-- EXERCISE DETAILS --
Repeat word for word the lines starting at the one with "Набор канцелярских принадлежностей" and ending at the final line of the material, both ends included; omit pictures.

-- INFORMATION SUPPLIED --

━━━

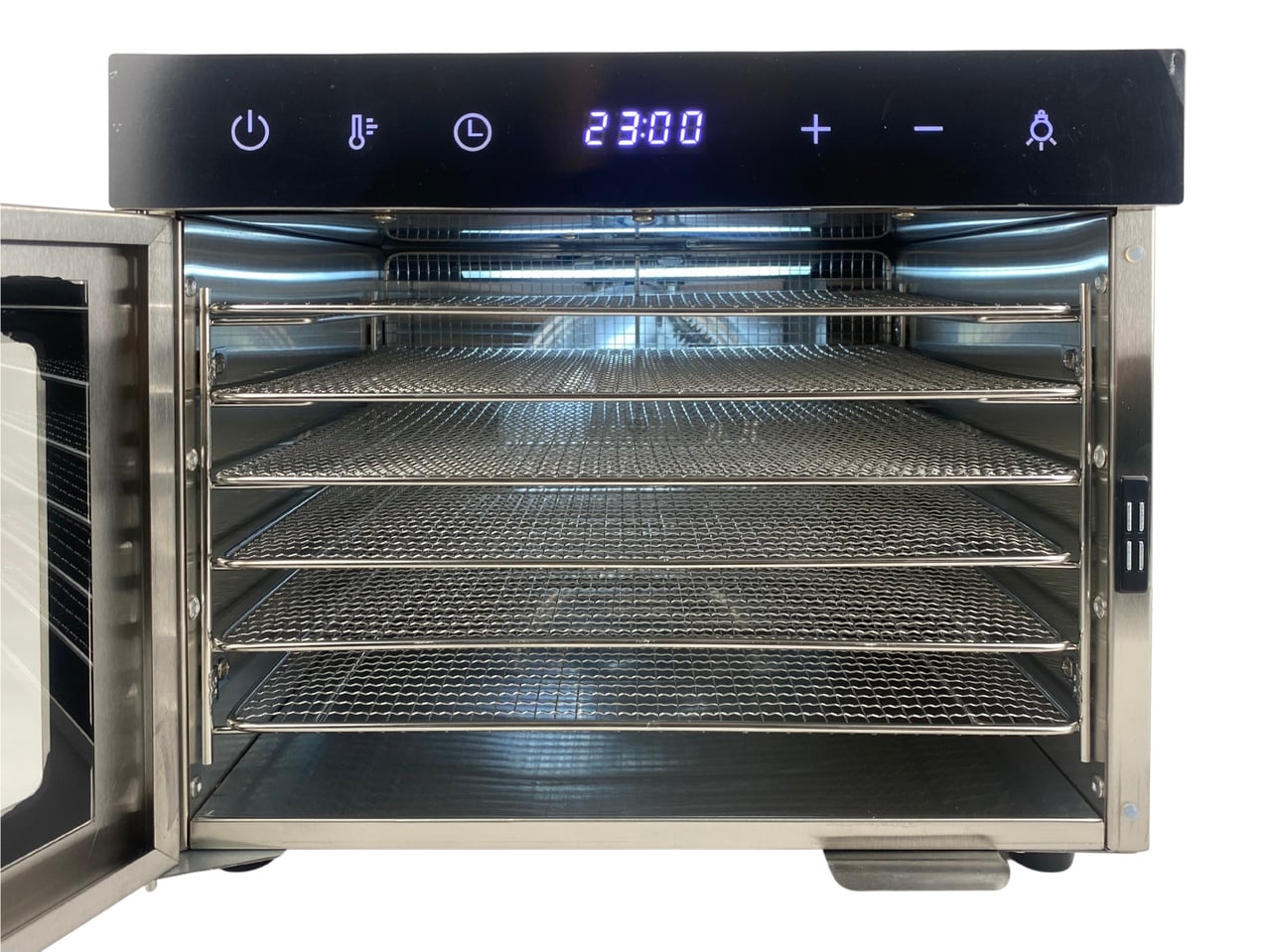 Дегидратор профессиональный Tekhniko DH-06H-BK (6 лотков) черный Профессиональный Дегидратор Tekhniko DH-06H-BK (6 лотков) Модель: DH-06H-BK Цвет: черный Мощность: 500 Вт (max) Номинальная мощность: 400 Вт Количество лотков: 6 шт Высота между лотками: 35 мм Вместительность сырых продуктов на 1 лотке: 0,5-0,8 кг Общая вместительность сырых продуктов: ~ 5 кг Размер лотка: 30*28 см Напряжение: 220-240 В, 50 Гц Температура: 30~90°C (шаг 5°C) Таймер, диапазон времени: 0-24 часа (шаг 30 мин) Уровень шума: 45-50 дБ Размер: Ш 34,5 * Г 39,5 * В 28,5 см Вес: 8,0 кг Габариты упаковки: Ш 39 * Г 45 * В 33 см Вес с упаковкой: 8,8 кг Стандартная упаковка: 7-слойная картонная коробка, выдерживающая ISTA 1A Гарантия: 12 мес Особенности: Светодиодный дисплей Двухслойный корпус из нержавеющей стали Внутренняя светодиодная подсветка Оцинкованный поддон для крошек и воды Магнитный замок дверцы Лотки из нержавеющей стали SUS304 Корпус из нержавеющей стали SUS201 Алюминиевая ручка Свойства: 6 лотков большой емкости, вмещает до 5 кг свежих продуктов. 1 двигатель + 1 система сушки лопастным вентилятором - лучший эффект и более высокая эффективность. Размер лотков составляет 300 X 280 мм, а зазор между двумя лотками составляет 350 мм. Прозрачное закаленное стекло, удобно для наблюдения за сушкой внутри. Возможность сушить все виды фруктов, овощей, мяса, рибы, морепродуктов, злаков, трав, бобов, закусок и т. д. Точное цифровое управление, простота в эксплуатации, низкий уровень повреждения деталей. Корпус из нержавеющей стали SUS201 толщиной 0,6–0,8 мм, лотки из нержавеющей стали SUS304 Комплектация Дегидратор Tekhniko DH-06H-SS 6 лотков из нержавеющей стали 2 шт - Коврик силиконовый для пастилы Tekhniko ChefMat CM-350 2 шт - Коврик мелкоячеистый Tekhniko Fine Mesh Sheet FMS-220 2 шт - Силиконовый держатель-прихватка Tekhniko HotHand HH-200 Поддон для сбора воды и крошек Книга рецептов (укр.язык) Инструкция (укр.язык) Гарантийный талон
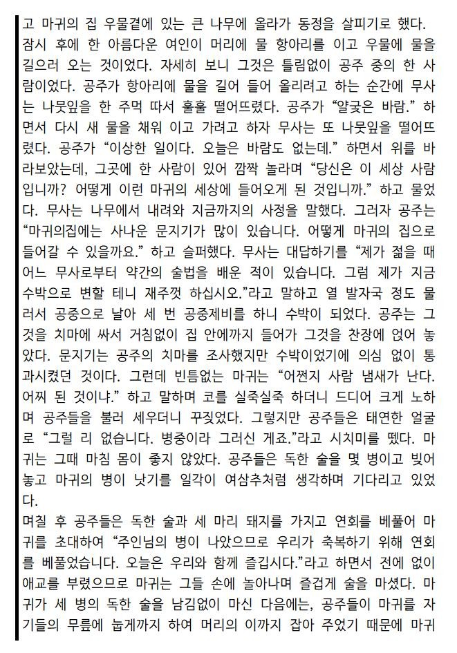 흔한 설화이지만 우리나라에 있는 설화와는 좀 다르지 않나요? 유럽이나 페르시아 시대의 설화(아라비안 나이트) 느낌이 들어서 재밌게 읽었다.
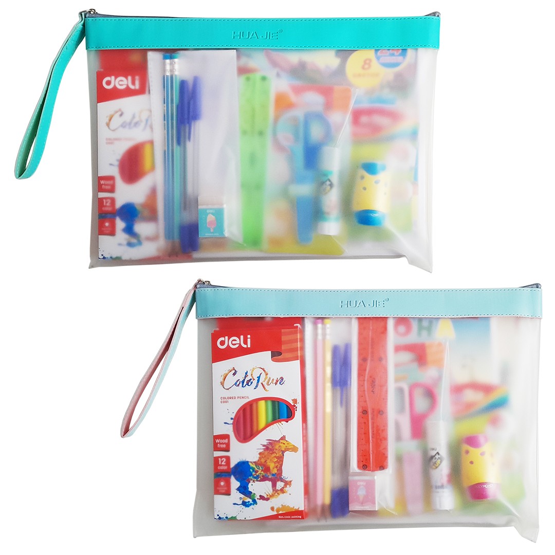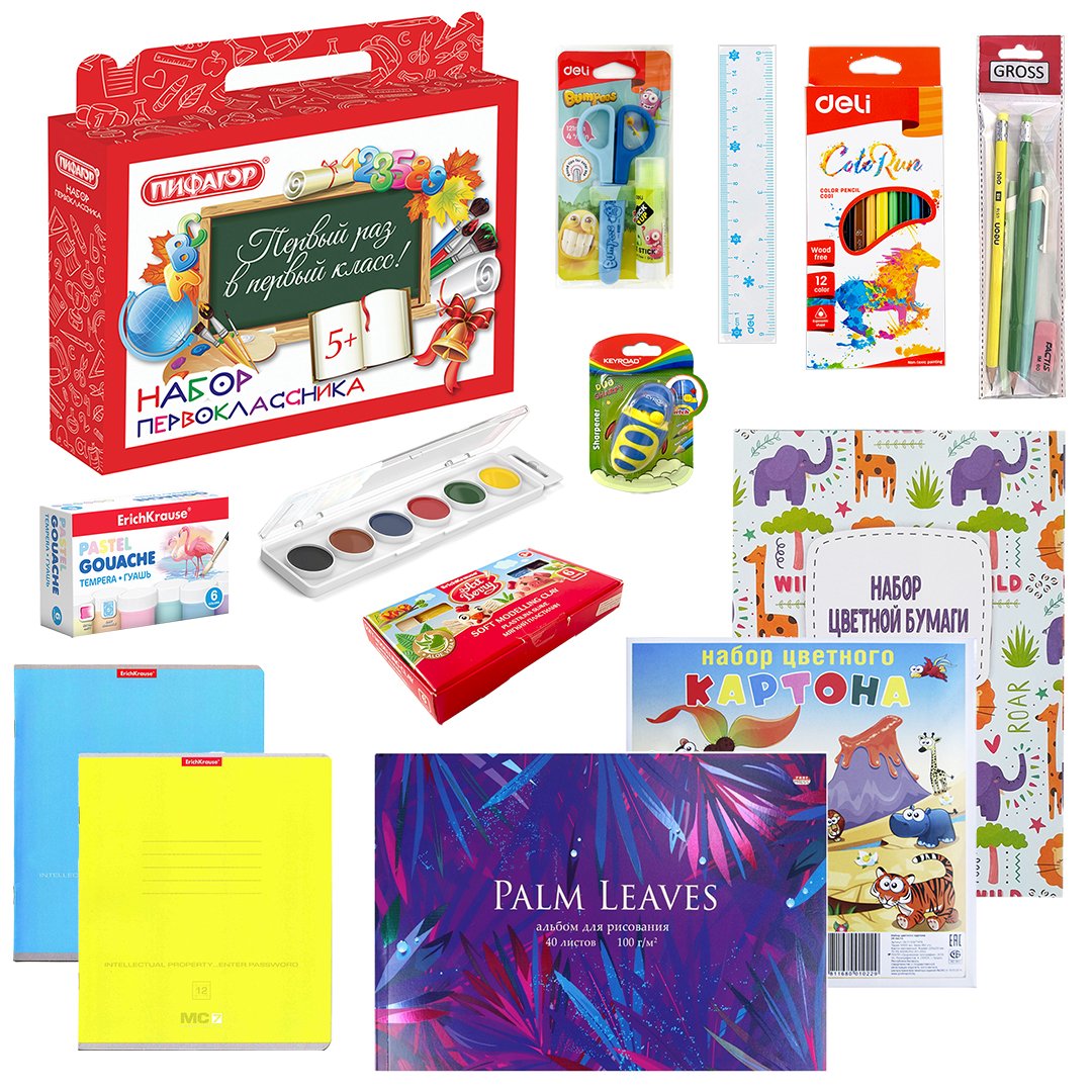 Набор канцелярских принадлежностей для будущих первоклассников Подарок первокласснику-11 из 14 предметов обойдется вам дешевле на 10%.В набор входит: папка на молнии, альбом для рисования, бумага цветная, картон цветной, карандаши 12 цветов, ножницы, карандаши чернографитные, ручки шариковые, линейка, точилка, клей карандаш, ластик.В наборе покупать выгоднее!
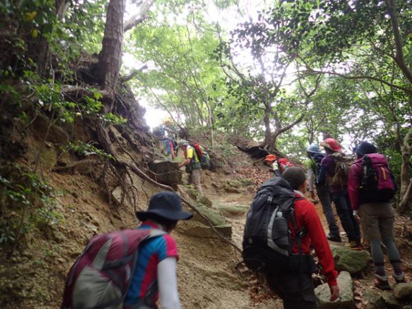急な坂もあったり、細い登山道、木の階段や鎖場など単調な登山道ではないので、登山者を飽きさせない登山が出来ます。

━━━

-- SOLVED PROBLEM --
 Набор канцелярских принадлежностей для будущих первоклассников Подарок первокласснику-11 из 14 предметов обойдется вам дешевле на 10%.В набор входит: папка на молнии, альбом для рисования, бумага цветная, картон цветной, карандаши 12 цветов, ножницы, карандаши чернографитные, ручки шариковые, линейка, точилка, клей карандаш, ластик.В наборе покупать выгоднее!
急な坂もあったり、細い登山道、木の階段や鎖場など単調な登山道ではないので、登山者を飽きさせない登山が出来ます。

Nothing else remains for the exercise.